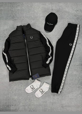 Набір 7в1 Fred Perry лампас: світшот-штани-футболка-шорти-кепка- 2 пари шкарпеток Колір світшот: білий, чорний Колір штани: чорний Колір футболка: чорний, білий Колір шорти: чорні Сезон: Весна/Літо/Осінь Матеріал костюм, шорти: Турецька двухнитка Матеріал футболка: 100% бавовна Розмір: S, M, L, XL, XXL Модель: унісекс ☝🏻 - Логотипи вишивка - Кишені на блискавках - Лампас вишитий (не принт)
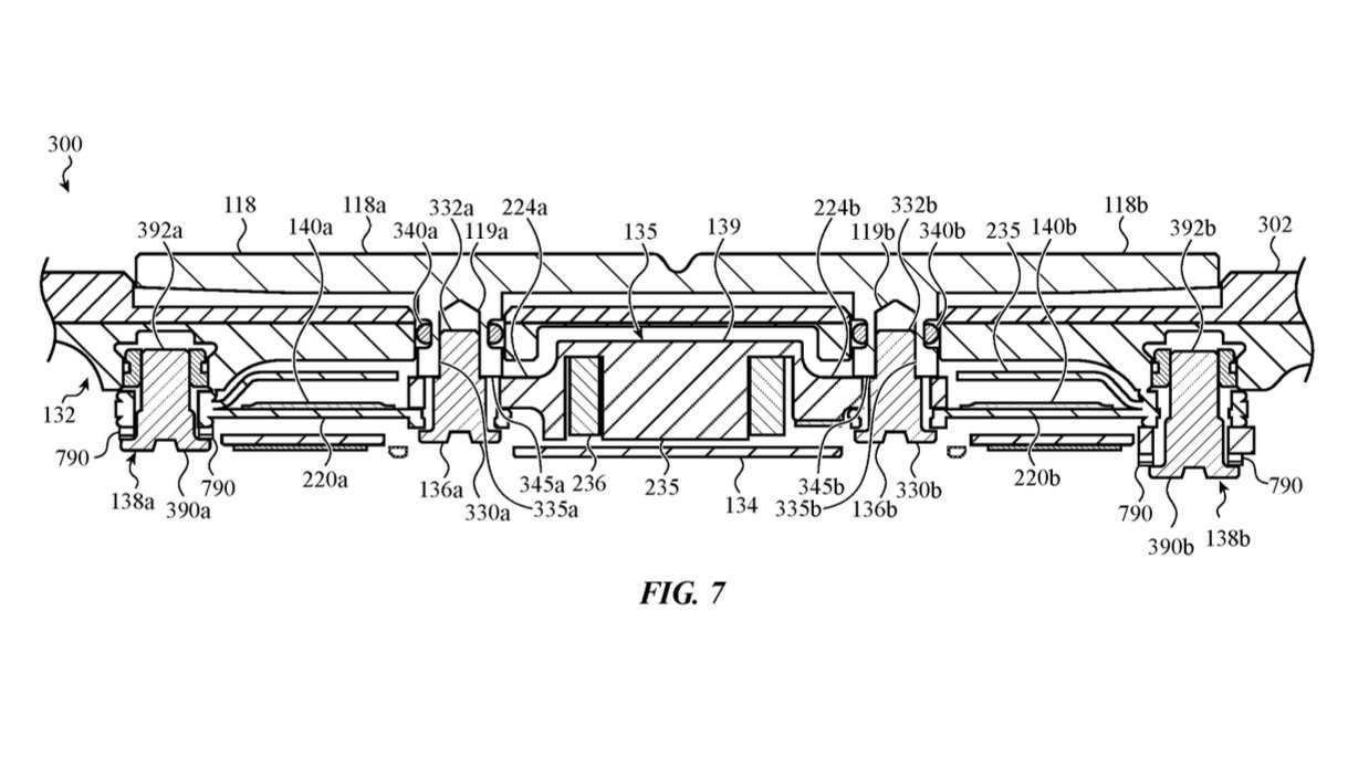 根据专利描述,Bongo 项目的触觉按钮设计依赖于柔性结构和应变计来感知压力变化。一旦检测到按压,电信号会传输至“Bongo Haptic Engine”,通过电磁阻尼电机(由铁磁核心和铜线圈组成)产生振动反馈,与常规 Taptic Engine 的工作原理类似。
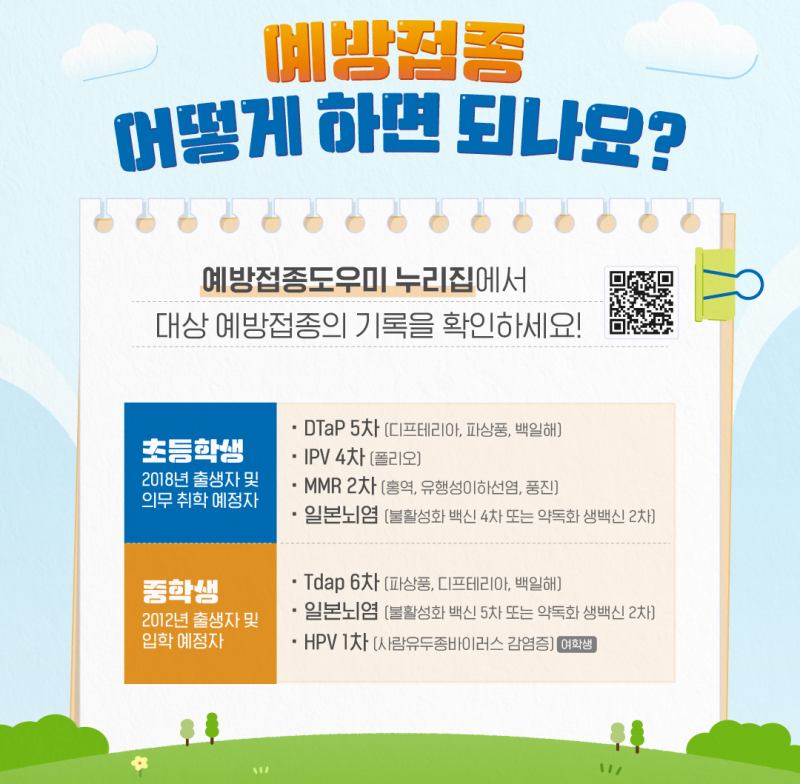 대상은 초등학교 입학생(2018년생)과 중학교 입학생(2012년생)이며, 초등학생은 DTaP, IPV, MMR, 일본뇌염 등 4종, 중학생은 Tdap, 일본뇌염, HPV(여학생 대상) 등 3종의 예방접종 여부를 점검한다고 밝혔습니다.
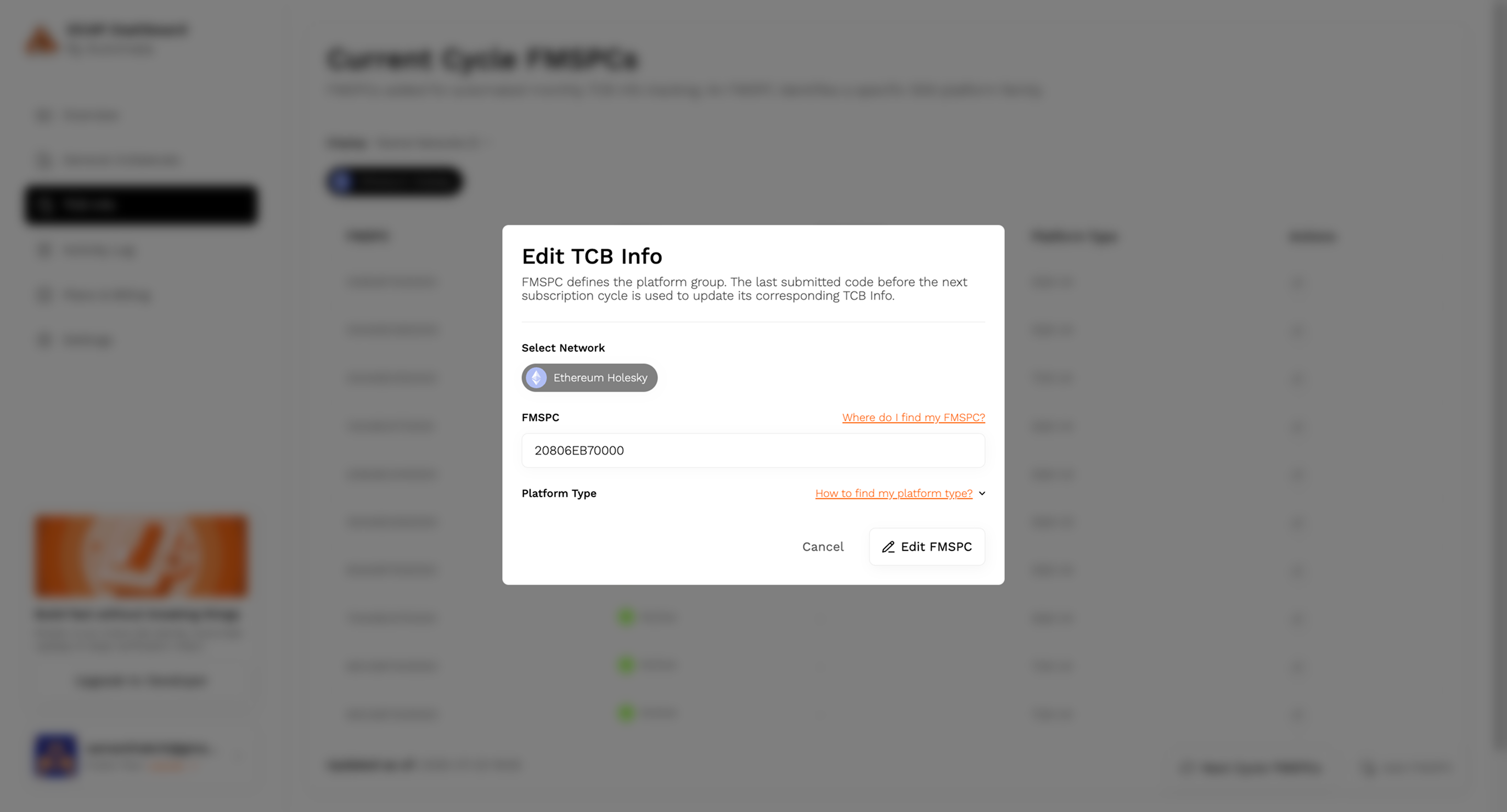 The Edit TCB Info modal allows you to modify the FMSPC and associated platform type for an existing entry. These changes will take effect in the next subscription cycle.

- **WHAT TO DO**: From the first line to the last, retype the material exactly and exclude the pictures.

- **SOLUTION FOR THIS EXERCISE**:
 Набір 7в1 Fred Perry лампас: світшот-штани-футболка-шорти-кепка- 2 пари шкарпеток Колір світшот: білий, чорний Колір штани: чорний Колір футболка: чорний, білий Колір шорти: чорні Сезон: Весна/Літо/Осінь Матеріал костюм, шорти: Турецька двухнитка Матеріал футболка: 100% бавовна Розмір: S, M, L, XL, XXL Модель: унісекс ☝🏻 - Логотипи вишивка - Кишені на блискавках - Лампас вишитий (не принт)
 根据专利描述,Bongo 项目的触觉按钮设计依赖于柔性结构和应变计来感知压力变化。一旦检测到按压,电信号会传输至“Bongo Haptic Engine”,通过电磁阻尼电机(由铁磁核心和铜线圈组成)产生振动反馈,与常规 Taptic Engine 的工作原理类似。
 대상은 초등학교 입학생(2018년생)과 중학교 입학생(2012년생)이며, 초등학생은 DTaP, IPV, MMR, 일본뇌염 등 4종, 중학생은 Tdap, 일본뇌염, HPV(여학생 대상) 등 3종의 예방접종 여부를 점검한다고 밝혔습니다.
 The Edit TCB Info modal allows you to modify the FMSPC and associated platform type for an existing entry. These changes will take effect in the next subscription cycle.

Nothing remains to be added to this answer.